2. This is the fourth edition of the EFA Global Monitoring Report, which assesses progress towards the six Education For All goals. Each year, a different goal is monitored through commissioning background papers (based on secondary and empirical research) and aiming to ‘identify the key dimensions of sound policy’ (UNESCO, Citation2005: 448) to disseminate to governments and aid agencies.

3. For an example, see my account of conducting ethnographic research for a USAID-commissioned project.
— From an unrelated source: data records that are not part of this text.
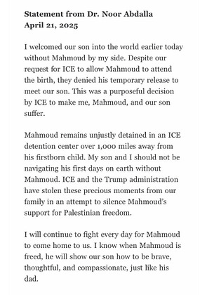 Mahmoud Khalil was denied a temporary release today to be with his wife, Dr. Noor Abdalla, as she gave birth to their 1st child, a son: “ICE and the Trump administration have stolen these precious moments from our family in an attempt to silence Mahmoud’s support for Palestinian freedom.”
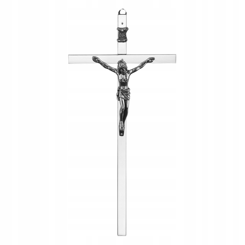 Срібний підвісний хрестик, висота 18 см, виготовлений з латунного стержня та покритий нікелем. Образ Христа виготовлений зі сплаву цинку, також покритий гальванічним покриттям. Вся річ була захищена високоякісними лаками, які захищають від потьмяніння і водночас надають неповторного блиску. Надійне та довговічне виготовлення з увагою до деталей від польської компанії з майже 40-річною традицією. Хрестик можна повісити на стіну вдома або на роботі - він оснащений практичною ручкою.
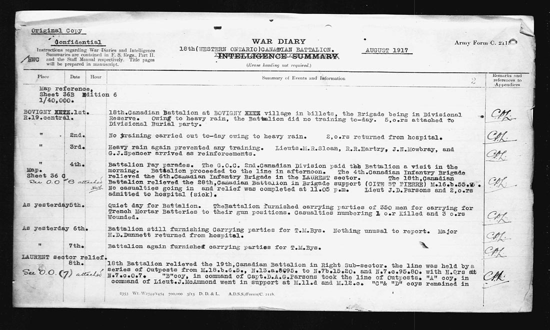 | BOVIGNY 1st. R.19.central. | 3 | Heavy rain again prevented any training. Lieuts. M.R. Sloan, R.R. Hartry, J.N. Mowbray, and G.J. Spencer arrived as reinforcements. | |
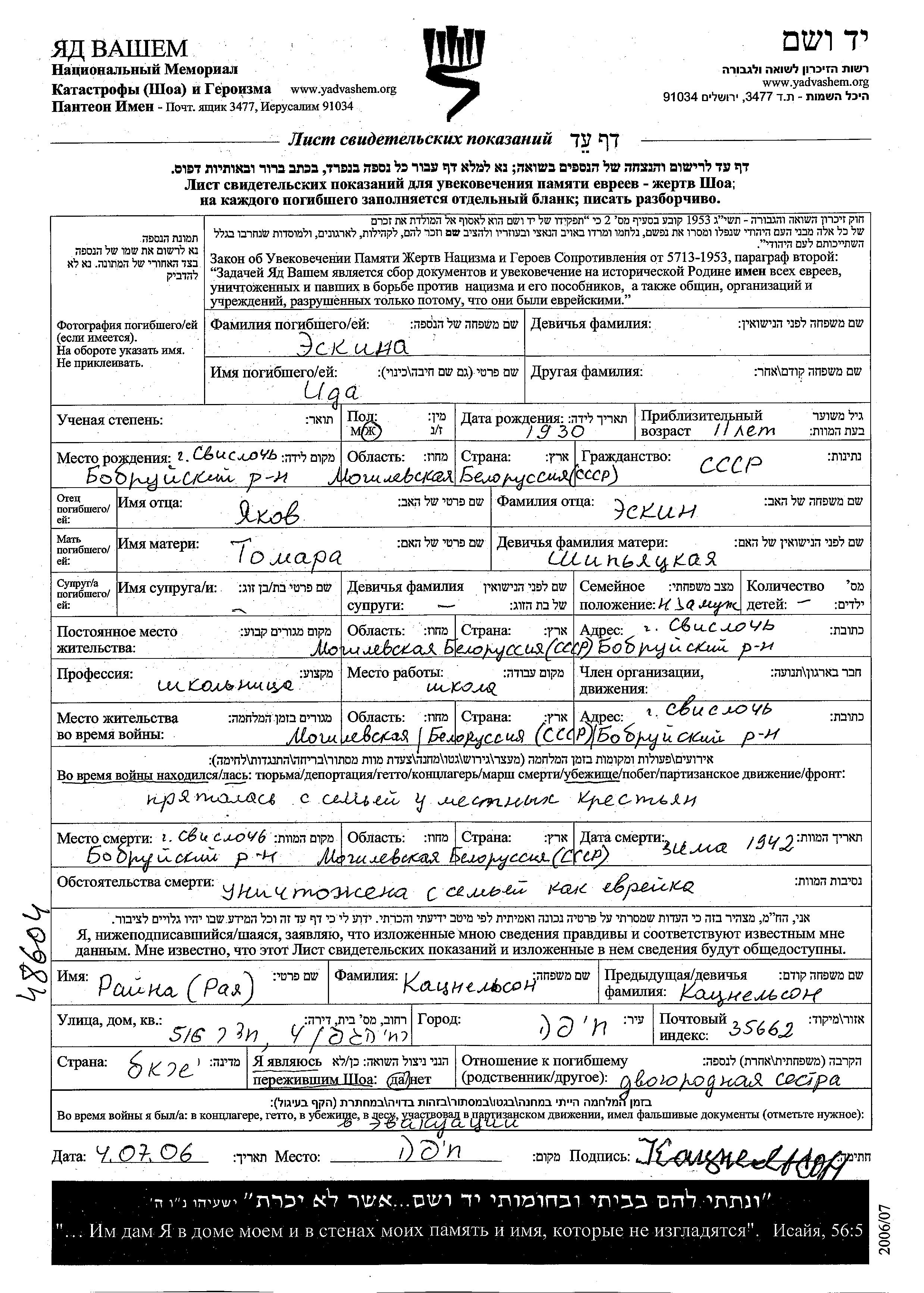 Eskina | Ida | 1930 | Svisloch, Weißrussland (UdSSR) | Gedenkblatt |

Though I attempted to draw on ethnographic approaches, i soon realised that ‘to ask what are the links between women's literacy and health is essentially a question posed by a policy maker rather an ethnographer’ (Robinson-Pant, Citation2001a: 168).

4. As Kell pointed out in the context of literacy strategies for EFA, the conflation of adult literacy and adult education is also problematic: ‘literacy provision needs to be separated conceptually from the provision of adult basic education and different approaches and methods need to be developed’ (Kell, Citation2004: 9).

5. The ‘dark side to literacy’ approach, developed from numerous Southern authors in Shikshantar (Citation2003), argues that ‘literacy legitimates and reproduces the capitalist economic order’ and that ‘literacy has a negative impact on language/cultural diversity’ (Fransman, Citation2007: 4).

6. This is also the title of chapter 5, the section of the Global Monitoring Report which draws directly on our group's background papers on ‘The benefits of literacy’.

7. The New Literacy Studies (NLS) have developed theoretical understanding around literacy as a social practice, as opposed to defining literacy as a set of neutral skills: ‘what this implies is a belief that literacy functions in all contexts in different ways guided by different discursive practices’ (Pahl and Rowsell, Citation2006: 4). From Street's (Citation1984) critique of the traditional ‘Great Divide’ (Goody, Citation1968) between oral and literate societies and people, there is now the recognition that ‘literate’ and ‘illiterate’ people all engage in a variety of oral and literacy practices. NLS researchers use the concept of a ‘literacy event’ (Barton, Citation1994) to analyse the variety of oral practices also involved in an activity such as filling in a tax form (which may also require speaking on the phone).

8. The term ‘situated literacies’ refers to the central idea within the New Literacy Studies that ‘reading, writing and meaning are always situated within specific social practices within specific Discourses’ (Gee, Citation2000: 189).

9. See Dyer's paper about the Rabaris' view of adult literacy programmes.

10. Similarly, I am aware that in this paper, I have tended to polarise policy makers and ethnographers, and assumed that policy makers are a homogeneous group.

11. Literature has also been found on ‘development as discourse’ (Escobar, Citation1995; Grillo and Stirrat, Citation1997), useful for conceptualising the relationship between ‘developer’ and ‘developed’.

12. This refers to the courses followed in higher education institutions: Intermediate in Arts and Bachelor of Arts.